In the pacific the P38 was unbeatable, along with the Corsair and the F6F Hellcat.
Personally I am prone to the P47 overall and if you want the actual best fighter of WWII in Europe(of either allied or axis) then I would have to go with the long nosed(as opposed to the short nosed) FW190(the ME262 was too little to late).
I’ve sit in the cockpit of the Corsair, never flew it, but yes they are very similar from that brief experience. I have a couple hundred hours in the U-6 Beaver and a about 50 in the O-1 Birddog and they are a piece of cake compared to the P-51. Of course both of them are flying speed brakes!

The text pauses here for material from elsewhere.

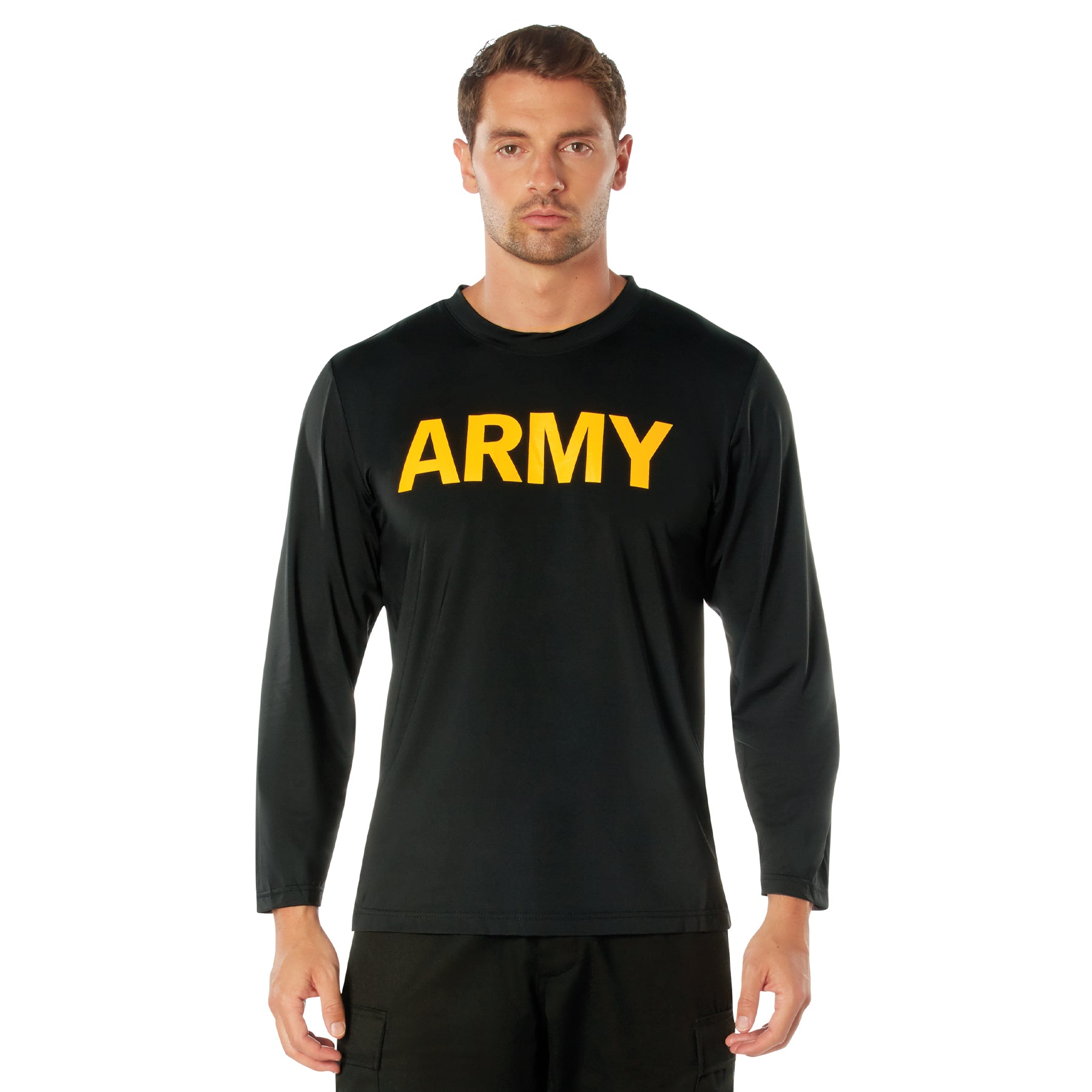 Rothco's Long Sleeve Physical Training Shirt is designed for ultimate comfort and performance. Made from an 86% nylon / 14% spandex blend, this PT shirt offers a lightweight and breathable fit that wicks away moisture, keeping you dry during intense workouts. The bold gold "ARMY" lettering across the chest adds a touch of classic military style. This shirt is perfect for physical training, outdoor activities, or casual wear. The long sleeve design provides extra coverage and warmth, making it suitable for cooler weather. Whether you're hitting the gym, going for a run, or just running errands, Rothco's PT Shirt ensures you stay comfortable and stylish. Pair it with Rothco's matching PT shorts to complete the look.

I have pictures of taxing P-51s with groundcrewmen riding on their wings. They gave directions to the pilots, who couldn’t see past the very long nose of the Mustang, then hopped off when the fighter turned on to the runway.
Years ago I flew into State College Pennsylvania. Agter I got out of the plane I heard a noise down at the approach end of the strip. I lokked downthere and saw 2 P51’s in echelon. They roared down the strip at about 100 feet then climbed to the break and landed. I was only feet away. It was about as exciting as it gets. I’ve also been used as an intercept target by F15’s in my T210. That was also awesome but no sound effects!
The ultimate is to stand at the end of the runway in Hamilton, Ontario when the Lancaster is flying. It is like 4 P51’ in close formation.
The fixes to the P-47 & P-38 didn’t really arrive until AFTER they were withdrawn from active escort duties. I imagine that if the P-51 hadn’t been a success that those refinements would have arrived earlier out of necessity.
Not by a long-shot. An air-cooled radial engine is inherently tougher than a liquid-cooled in-line engine with it's vulnerable radiators. The USAF lost a lot of F-51's in Korea pressing attacks against ground targets. If they had fielded the P-47N's that were still in use with the Air Guard they would have had a tougher ground attack plane that would have brought its pilots home.
I've read that the reason that they sent the F-51 instead of the P-47 was due to the availability of parts/airframes (and probably trained pilots already checked out in that type).
Maybe not deliberately, but P-51 flights would often detach from the bomber stream to got hunting ground targets or looking for a Luftwaffe airfield to shoot up. This was how a lot of P-51's met their end as the Packard-Merlin would sieze-up pretty quickly of it lost coolant.
I was waiting for a lab test and in the waiting room was a older couple. He was wearing a 'P-51'ball cap.
I went over and sat by them and struck up a conversation.
Fascinating experience. He was eager to relate war stories and talk about his flying.
When he went into get his labs I talked to his wife.
She said he loved the P-47 more than the P-51 and told her if he could have married one he would have. :)
As far as what we would have done had we not had the P-51, coming up, too late for action was the F8F Bearcat. A mean flying machine.
I'm sure it could have handled any German fighter save the ME-262.
Range may have been a problem though.
There used to be a privately-owned P-51 that was hangered up there at Mid-State Airport when I attended PSU (back in the late ‘70’s). I knew a couple of students who were taking flying lessons out there & they frequently saw it.
I've seen various numbers mentioned, but not a detailed breakdown battle-by-battle, operation-by-operation or theater-by-theater. However, I think we can say the following:
In summary: on the Western Front relative combat superiority depended on circumstances, but more favored the allies as the war progressed.
Another reason why the F-51 was sent to Korea, according to the military brass, was that the Mustang ‘looked sexier’ than the rotund-looking Jug.